Отец никогда ничего не понимал в высоких материях; дед мне сказал, спросив сначала, умею ли я хранить тайны, что есть тому научное объяснение, он его услышал от какого-то сеньора-химика: всему виной свинцовые белила, та мелкая пыль, что летит при шлифовании полотен, она вечно осаждалась на всех предметах в мастерской. Она-то и отравляет тело медленно, но верно. Но дед думает, что краски тут ни при чем, что это выдумки докторов, от них ничего хорошего не жди. «Он уж такой с самого рождения, – сказал дед. – Как манекен, который бабы подбрасывают на одеяле, безвольный. Будто ему обрезали все сверху, понимаешь. Ест, ходит по нужде, даже тебя сделал, хоть, наверно, безо всякой охоты, а только для приличия, но, когда надо заняться чем-то духовным, неуловимым, тут он бессилен. Такой уж он уродился!»
Говорит Франсиско
В Бордо я побывал в доме безумцев и писал там, пока не стемнело: сумасшедших, рыдающих на коленях, рычащих и мечущихся в остервенении по камере, просовывающих головы через решетку. В своей бесконечной невинности они напомнили мне двух других безумцев из моего прошлого, но об этом молчок. Спроси меня, я бы сказал, что предпочитаю сидеть там, чем в гостиной у Хавьера; терпеть не могу разговоров с пустой скорлупой, в которой не осталось ничего живого.

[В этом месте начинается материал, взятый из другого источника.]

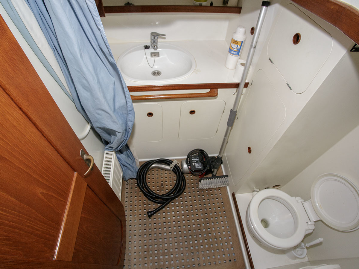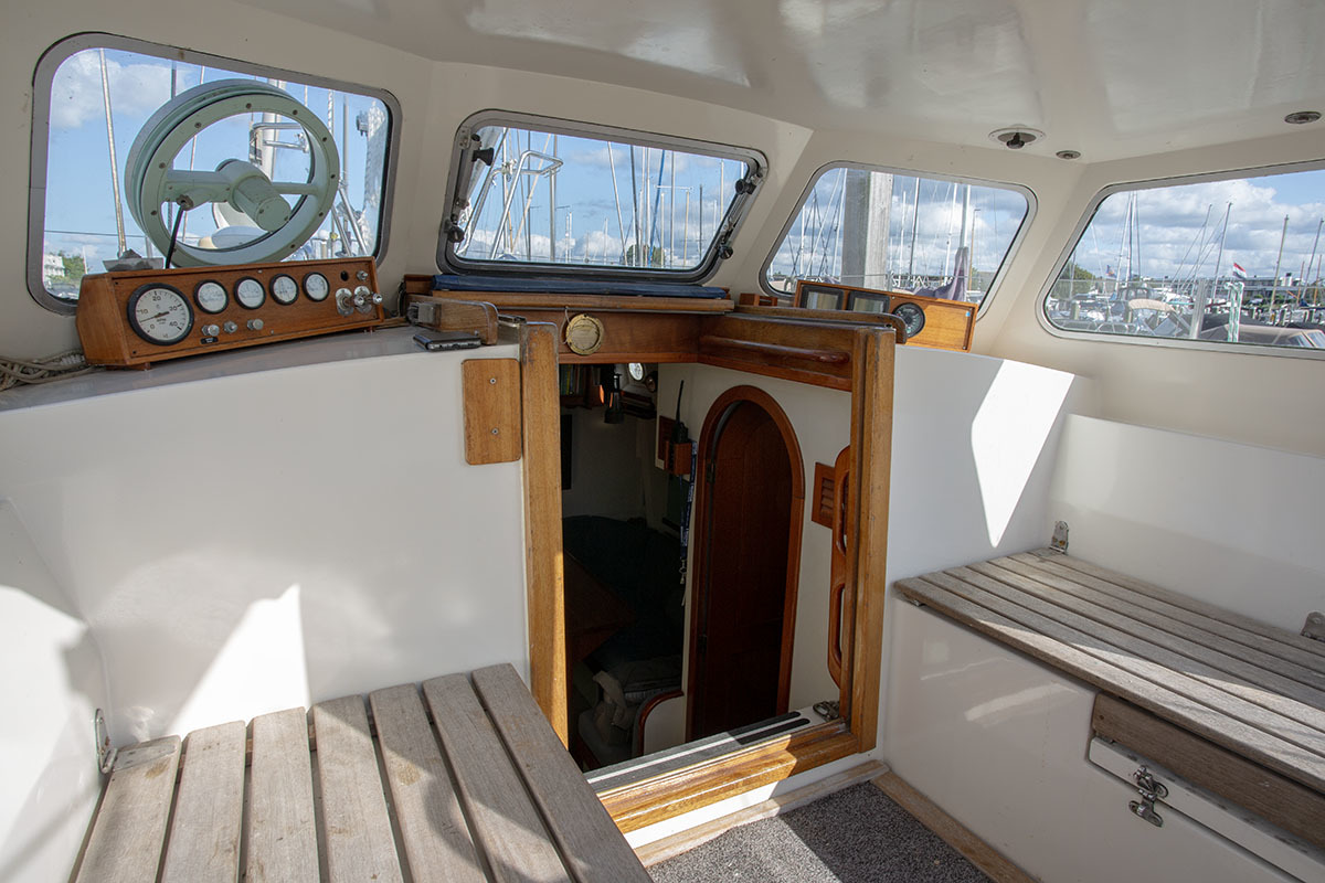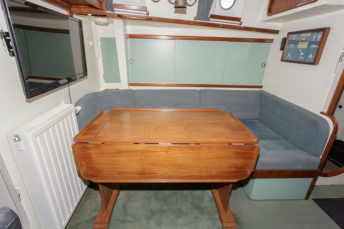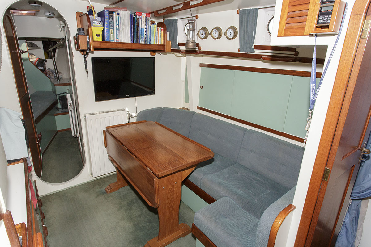 Bij binnenkomst is aan bakboord de navigatiehoek en iets naar achteren de keuken. Aan stuurboord is een knusse zithoek. en direct naast de ingang de toilet en doucheruimte. In de boeg is een hut met stapelbed, en een ruimte met wasmachine. Geheel voorin is nog een extra slaapplaats. Door de gang naar achteren waar veel kast en opbergruimte is komt men langs de machinekamer annex werkruimte. Geheel achter is een dubbele hut. Voor wie een goed gebouwd zeewaardig jacht zoekt wat tevens geschikt is voor lang of misschien wel permanent verblijf aan boord is deze Skarpson zeker het overwegen waard. Overtuig uzelf door haar te bezoeken.

А все-таки стоило мне вернуться во Францию, как я тут же затосковал по ним; когда я проваливаюсь в дремоту – а такое у меня случается все чаще, – вижу их так отчетливо, будто они сидят передо мной. Шлю им письмо за письмом – и все время какие-то отговорки. Хоть ясно пишу, мол, покрою все дорожные расходы, ни одного реала, мол, не придется вам потратить.
А в другой раз говорю себе: куда ты торопишься, старый хрыч? До Тициана тебе еще ой как далеко!